[[ Supplied data open ]]

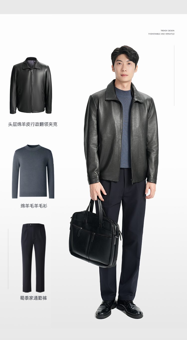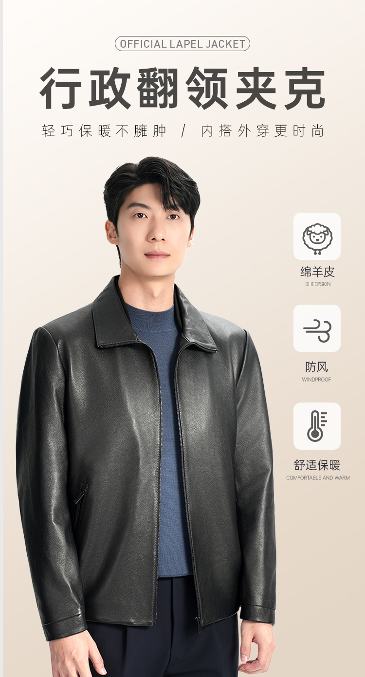 【实付满399送保温杯】【头层绵羊皮商务翻领夹克】翻领通勤外套防风保暖皮衣夹克
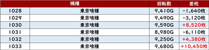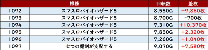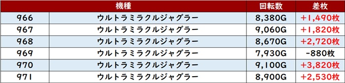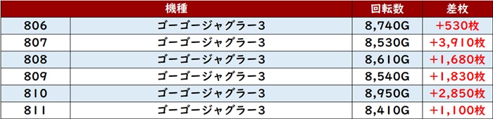 更に全台大幅プラス差枚に加え、中には差枚数+8,470枚という出玉感も見受けられ、注目度の高い箇所の1つとなった!
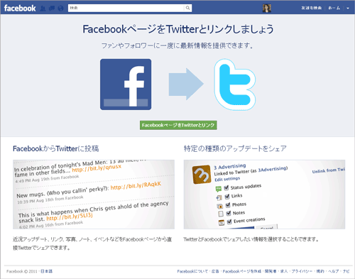 Facebook専任の担当者を置けることが理想的ですが、現実的にはなかなか難しいかもしれません。すでに更新しているサイトと連携する方が効率的でしょう。ここでは、Twitterとの連携方法を紹介します。

[[ Supplied data closed ]]

Exercise objective -> All of the lines above should be copied exactly, apart from the pictures.

Expected answer ->
 【实付满399送保温杯】【头层绵羊皮商务翻领夹克】翻领通勤外套防风保暖皮衣夹克
 更に全台大幅プラス差枚に加え、中には差枚数+8,470枚という出玉感も見受けられ、注目度の高い箇所の1つとなった!
 Facebook専任の担当者を置けることが理想的ですが、現実的にはなかなか難しいかもしれません。すでに更新しているサイトと連携する方が効率的でしょう。ここでは、Twitterとの連携方法を紹介します。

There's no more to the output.